2. Be aware of the strangers you allow into your house because they can be the best and worst things to happen to your circle. You never know where that energy’s been! My previous circles had been crafted from friends, best friends, and friends of friends–often with their own agenda. Circle #2 came to a screeching halt after a married member of the group began inviting her newfound married lover to our meetings so they could meet in a safe place…not to mention sneaking off during my workshops to have loud sex in my bathroom.
When I started my current group, it was after looking around and meeting one-on-one with potential candidates for over a year. I finally decided to just see who was out there and started the original Wiccan Concepts group in Niceville on Meetup. I paid all the fees myself, didn’t charge admission, provided dinner and class, and still had at least 75% of every RSVP list turn into a no-show. That’s a frequent problem on Meetup, yes, but in spite of that, I met my core group through that service.
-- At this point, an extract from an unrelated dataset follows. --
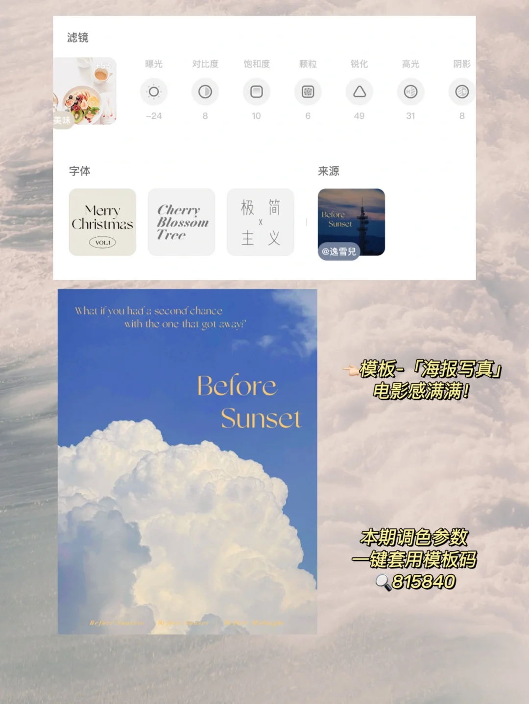 ✨天气好好~棉花糖都在天上☁️通常手机拍不到太远,这个时候就需要后期裁图啦~ . 💻 后期修图教程 🧈黄🧈油🧈相🧈机 滤镜:美味+53 曝光-24 对比度+8 饱和度+10 颗粒+6 锐化+49 高光+31 阴影+8 . 字体:Gallery Modern、Jitzu、文悦后现代体 模板:「海报写真」分类 . 手机调色|调色教程|黄油滤镜调色|调色软件 | 滤镜调色教程| 拯救废片 | 手机拍照 | 手机摄影 喜欢我的分享记得👍🏻|⭐收藏|关注哦 我们下一期再见!🤍
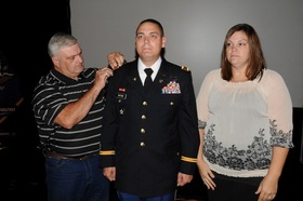 U.S. Army photo by Staff Sgt. Kassidy L. Snyder, Illinois National Guard Public Affairs/ Vietnam veteran Lou Ritter of Muscatine, Iowa, pins second lieutenant rank on his son, Aaron Ritter of Oak Run, as Aaron's wife Sarah stands next to him during the Illinois Army National Guard's Officer Candidate School Commissioning Ceremony at Springfield High School in Springfield, Aug. 26.

The first three people to show up on the first night are still tried and true members after two years, and one of the three chose to pursue Wicca as an Initiate. Other core members joined within the year, and we had a really nice energy together with true caring among the members. That kind of balance of energy is what you want to aim for because if the participants are in harmony, then you’re working together with that energy instead of using it to pull in different directions.
Just a side note here: Though I didn’t originally intend it, my home is a sanctuary for members of my circle. It’s the one place that some feel they can come to get away from stress and drudgery and luxuriate in an evening of magic and friendship.
Of course, if you’re inviting the general public into your home, you really don’t know what you’re getting. I got wonderful and I got…problem children. Normally someone whose energy didn’t mesh with the group would show up once, insist everything be his or her way, and then stomp off in a huff. I didn’t cry over it. Occasionally, someone with their own set of problems would show up and spend the evening putting me down or being disrespectful of what I was teaching–I still cannot abide people talking on their cell phones or via sign language while I’m trying to hold a class. Some would show up and really mesh well with the group but had too many issues with parents or family not wanting them to attend and soon they faded away.
The final straw that caused me to close down my Meetup group and move it to a private, invitation-only basis was when my daughter caught one of the first-timers going through her things in a cabinet, and later we realized that some of my daughter’s cherished possessions were gone. Okay, big hot button: you don’t steal from me. The Wiccan Concepts group is still on Meetup but–little did I know when I canceled the group–MeetUp allows other people to take over a canceled group and claim it as their own if the moderator steps down. Otherwise, it’s a good option for meeting candidates for your group whom you’d never meet.
3. If someone doesn’t show after several invitations, drop it. I’ve had several cases where someone begged me for an invitation, then never showed–usually after I’d cooked for them and made sure enough parking was available so as not to upset my neighbors. On one hand, I’ve not really understood. How can you beg to be invited because you’re sure I can show you the one thing you’re looking for and then stand me up several times? The irony is that the thing they’re looking for is almost always at my house and available to them. Perhaps the thing I have to offer them is something they shouldn’t really have? I don’t know, but my rule is, if you turn down my invitation three times, you don’t get invited back. If you ask to come repeatedly and yet never show, you don’t get invited back because I don’t think you’re serious.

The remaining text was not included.